REQUIRED ACTION:
Among the lines below, copy exactly those from the one with "Figure 18: Female" through the one with "area under survey", counting both ends.

DATA EXCERPTS:
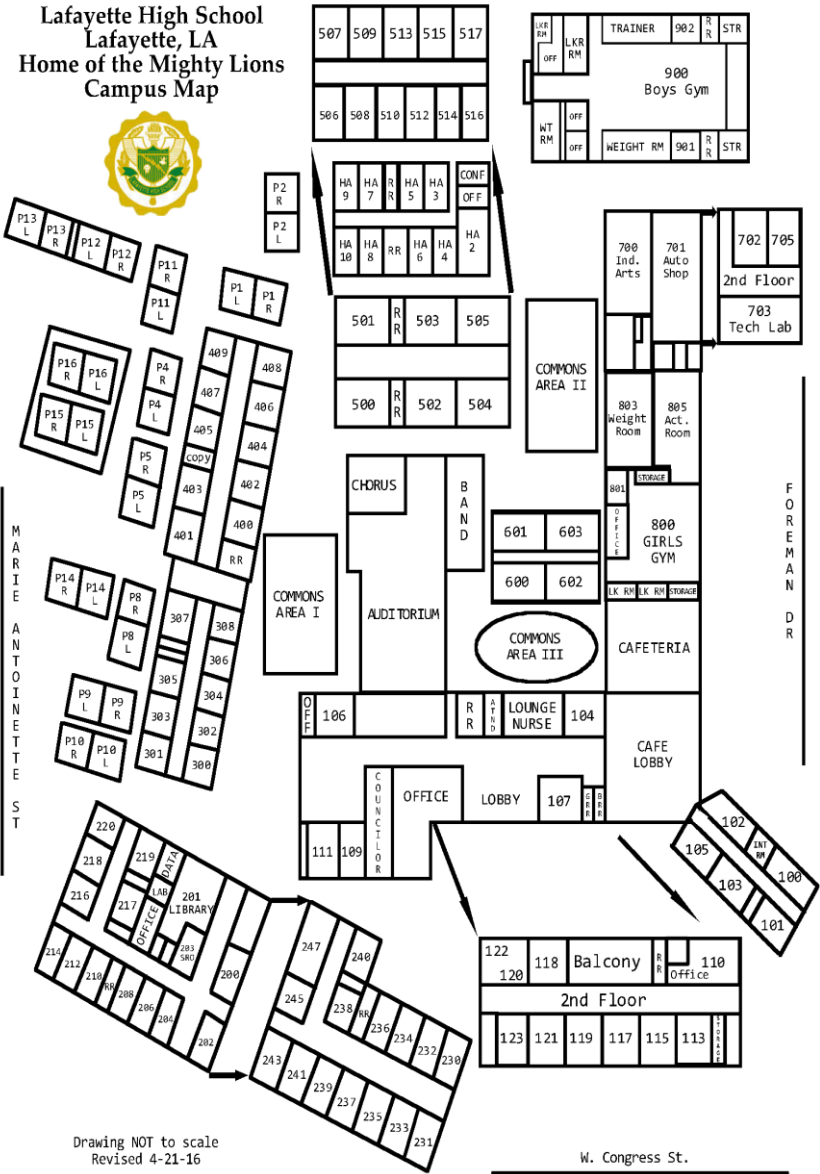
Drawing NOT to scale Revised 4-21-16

---

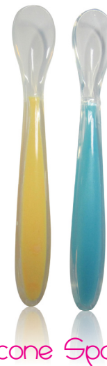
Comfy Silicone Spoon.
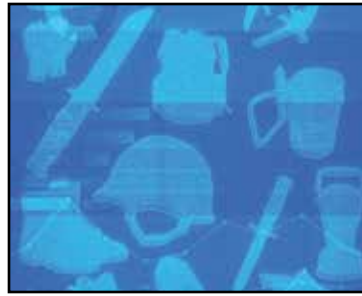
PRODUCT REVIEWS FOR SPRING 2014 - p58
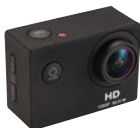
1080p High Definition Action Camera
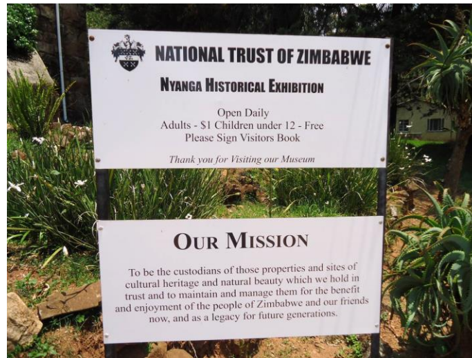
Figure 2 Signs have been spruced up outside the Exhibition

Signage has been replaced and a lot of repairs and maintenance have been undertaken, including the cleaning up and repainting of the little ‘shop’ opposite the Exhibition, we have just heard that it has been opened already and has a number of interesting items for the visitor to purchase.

==

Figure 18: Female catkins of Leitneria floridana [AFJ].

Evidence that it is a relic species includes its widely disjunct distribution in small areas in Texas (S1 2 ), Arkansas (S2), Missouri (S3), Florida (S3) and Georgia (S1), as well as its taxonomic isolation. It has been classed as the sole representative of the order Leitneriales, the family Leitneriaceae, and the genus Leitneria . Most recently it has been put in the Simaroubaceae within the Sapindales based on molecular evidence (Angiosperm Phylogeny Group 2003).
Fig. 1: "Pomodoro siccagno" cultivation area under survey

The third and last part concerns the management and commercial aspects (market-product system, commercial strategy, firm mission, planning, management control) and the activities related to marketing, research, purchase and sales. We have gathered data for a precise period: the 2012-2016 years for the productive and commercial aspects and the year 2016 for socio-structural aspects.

RESULT OF THE EXERCISE:
Figure 18: Female catkins of Leitneria floridana [AFJ].

Evidence that it is a relic species includes its widely disjunct distribution in small areas in Texas (S1 2 ), Arkansas (S2), Missouri (S3), Florida (S3) and Georgia (S1), as well as its taxonomic isolation. It has been classed as the sole representative of the order Leitneriales, the family Leitneriaceae, and the genus Leitneria . Most recently it has been put in the Simaroubaceae within the Sapindales based on molecular evidence (Angiosperm Phylogeny Group 2003).
Fig. 1: "Pomodoro siccagno" cultivation area under survey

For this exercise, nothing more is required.